Rwanda continues to make tremendous strides in the education sector. With the Second National Strategy for Transformation (NST2), the government has invested heavily in building new classrooms, hiring qualified teachers, and digitizing the curriculum. Yet, despite these structural improvements, a persistent challenge remains: Dropout and Out-of-School Children (OOSCY).
Why do children still leave school? While poverty is often cited as the primary reason, our on-the-ground experience reveals a deeper, more complex layer: Parental Behavior.
For a child to succeed, the school’s infrastructure is not enough; the “infrastructure of the home” must also be strong. This doesn’t mean having a rich home; it means having a supportive one. “Parent Good Behavior Change” is about shifting caregivers’ mindset from viewing education as a burden or a “government responsibility” to seeing it as the single most important investment they can make in their family’s future.
This blog post explores why changing parental behavior is the missing link in the education chain and how targeted interventions are helping parents in Rwanda become the champions of their children’s learning.
The Mindset Shift: From Child Labor to Child Learning
In many rural districts, parents face a harsh economic trade-off. A 12-year-old child is strong enough to work in a rice field, carry water, or look after cattle. In the short term, this labor brings immediate relief to the household. In the long term, however, it traps the family in a cycle of poverty.
“Good Behavior Change” requires parents to make a difficult but necessary strategic decision: Sacrifice the short-term help for the long-term gain.
This shift involves three critical behavioral changes:
- Valuing Attendance Over Labor: Parents must resist the temptation to pull children out of school during harvest seasons or market days.
- Active Engagement: It is no longer enough to just pay fees (or send the child to fee-free schools). Good behavior means checking homework, attending General Assembly meetings, and asking the child, “What did you learn today?”
- Inclusivity at Home: For parents of children with disabilities, good behavior means overcoming stigma. It means refusing to hide the child at home and instead fighting for their right to sit in a classroom alongside their peers.
RODI’s Contribution: The LIFT Project in Rusizi
At the Rwanda Organization for Development Initiatives (RODI), we are tackling this challenge head-on in one of the districts with the greatest need: Rusizi.
Through the Learning and Inclusion for Transformation (LIFT) project, implemented in a powerful consortium with ADEPE and UPHLS, we are working to identify, enroll, and retain Out-of-School Children. But we know that we cannot simply put a child in a classroom and walk away. If we do not change the home environment, the child will drop out again within months.

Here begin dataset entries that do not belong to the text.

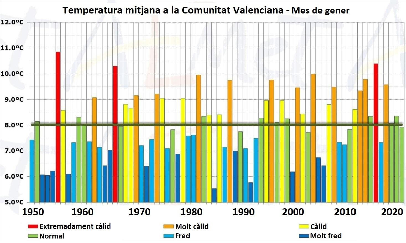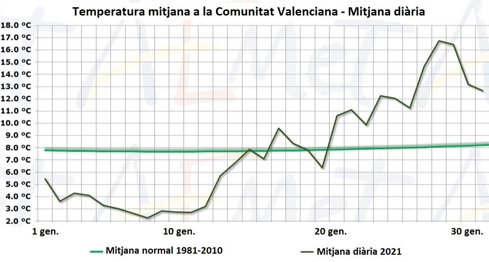 En definitiva, acaba un mes de gener que, tot i haver resultat estadísticament normal pel que fa a la temperatura mitjana, ha tingut registres extrems tant de fred com de calor. L'amplitud tèrmica mensual a la Comunitat Valenciana ha sigut de 55,9 °C: dels -26,1 °C del pla de Vistabella del Maestrat el dia 12 als 29,8 °C d'Alacant el dia 29. Unes dades, sense dubte, extraordinàries.
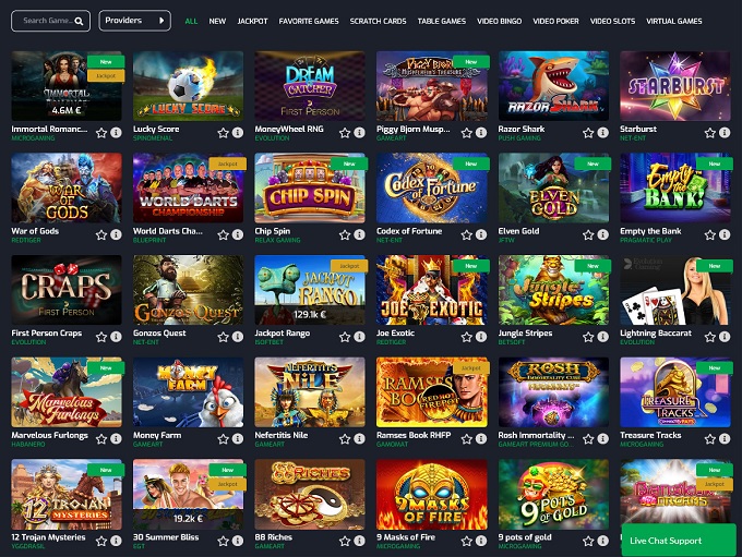 - 10,000+ Slots from top-tier developers like NetEnt, Play’n GO, Pragmatic Play, Push Gaming, and Yggdrasil.
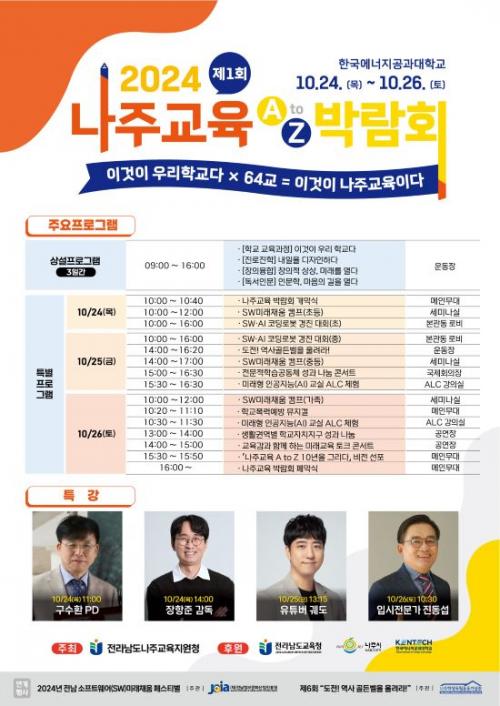 [½Åµ¿¾Æ¹æ¼Û ³ªÁÖ½Ã=À̽ŵ¿±âÀÚ] ³ªÁÖ±³À°Áö¿øÃ»ÀÌ ÁÖÃÖÇÏ´Â Á¦1ȸ ³ªÁÖ±³À° ¹Ú¶÷ȸ°¡ ¿À´Â 2024³â 10¿ù 24ÀÏ(¸ñ)ºÎÅÍ 10¿ù 26ÀÏ(Åä)±îÁö 3Àϰ£ Çѱ¹¿¡³ÊÁö°ø°ú´ëÇб³¿¡¼­ °³ÃֵȴÙ. ¡®À̰ÍÀÌ ¿ì¸®Çб³ÀÌ´Ù ¡¿ 64±³ = À̰ÍÀÌ ³ªÁÖ±³À°ÀÌ´Ù¡¯¸¦ ÁÖÁ¦·Î ÇÑ À̹ø ¹Ú¶÷ȸ´Â¡¦
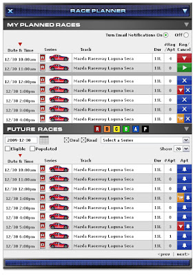 予定したレースが近くなると、Race Plannerの予定済レースセッションの一覧から、レース出走登録が行えるようです(青いボタンが緑になるみたい)。これはWhats Hotガジェットと同じ使い方みたいです。
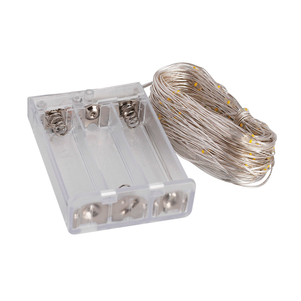 Guirnalda de finísimos LED’s (conocidos como “granos de arroz”) de tono cálido, montados a lo largo de una tira de alambre plateado de 10m.  Elegante adorno para navidad y también para el resto del año. Quedan muy bonitas dentro de recipientes de cristal. Se pueden moldear, enroscar o colocar en los objetos que quieras. Funciona con 3 pilas tipo “AA”. Base porta-pilas con interruptor.
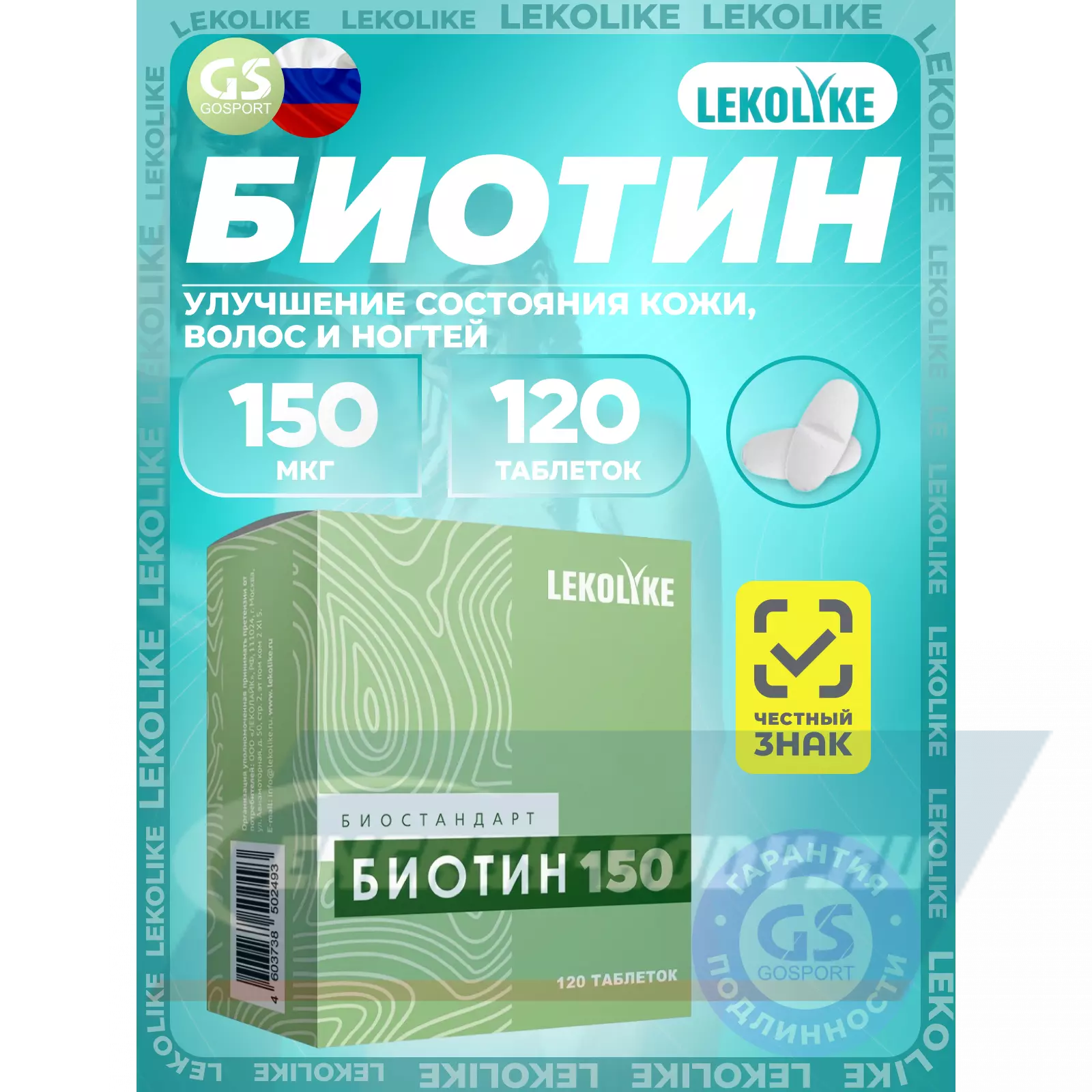 LEKOLIKE Биотин 150 мкг 120 таблеток — Улучшение состояния кожи, волос и ногтей
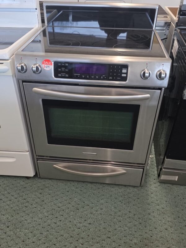 KITCHENAID 30" LIKE NEW SLIDE IN ELECTRIC RANGE

Here is how we are driving Parent Good Behavior Change through LIFT:
1. Addressing the Root Causes with Parents
In Rusizi, many children drop out to work in cross-border trade or agriculture. Our Community Mentors and social workers engage directly with parents to challenge this logic.
- We conduct household sensitization campaigns, sitting down with parents to calculate the “cost” of dropout. We show them that the money a child earns selling avocados today is a fraction of what they could earn with a secondary education tomorrow.
- This dialogue is essential for the 542 children we have successfully supported to go back to School (reintegrating into formal education). These reintegrations were only possible because the parents agreed to a “behavior contract”—committing to keep the child in class.
2. Alternative Pathways for Older Youth
For children who have been out of school for too long to join Primary 1, we offer Alternative Learning Pathways (ALP).
- We currently support 974 children in these ALP centers.
- Parental Role: For these students, parental support is even more critical. Many of these youth feel “too old” for school. We work with parents to rebuild the child’s confidence, ensuring they provide the emotional support needed for the youth to stick with the accelerated learning program.
3. Inclusion: Partnering with UPHLS
A major part of our behavior change work focuses on disability. Working with our partner UPHLS, we identify children with disabilities who are hidden at home.
- The Shift: We work with parents to move from “shame” to “advocacy.” We help them understand that their child has a right to learn. By providing the necessary assistive devices and school materials, we remove the physical barriers, but it is the parent’s change of heart that removes the social barrier.
4. Economic Strengthening with ADEPE
We recognize that sometimes, “bad behavior” is just desperation. A parent sends a child to work because there is no food.
- Through our consortium partner ADEPE, we link these vulnerable families to social protection and livelihood opportunities. By stabilizing the family’s economy, we make it “easier” for the parent to adopt the “good behavior” of sending the child to school.
Conclusion: The First Teacher is the Parent
In 2026, the most important desk in Rwanda is not in a classroom; it is the kitchen table where a parent encourages their child to do homework.
The success of the LIFT project in Rusizi—with nearly 1,000 children in ALP and over 500 returning to formal school—proves that parents can change. When they are supported, respected, and shown the value of education, they become the fiercest protectors of their children’s future.
At RODI, alongside our partners ADEPE and UPHLS, we remain committed to this journey. We are not just getting children back to school; we are bringing parents back to the heart of education.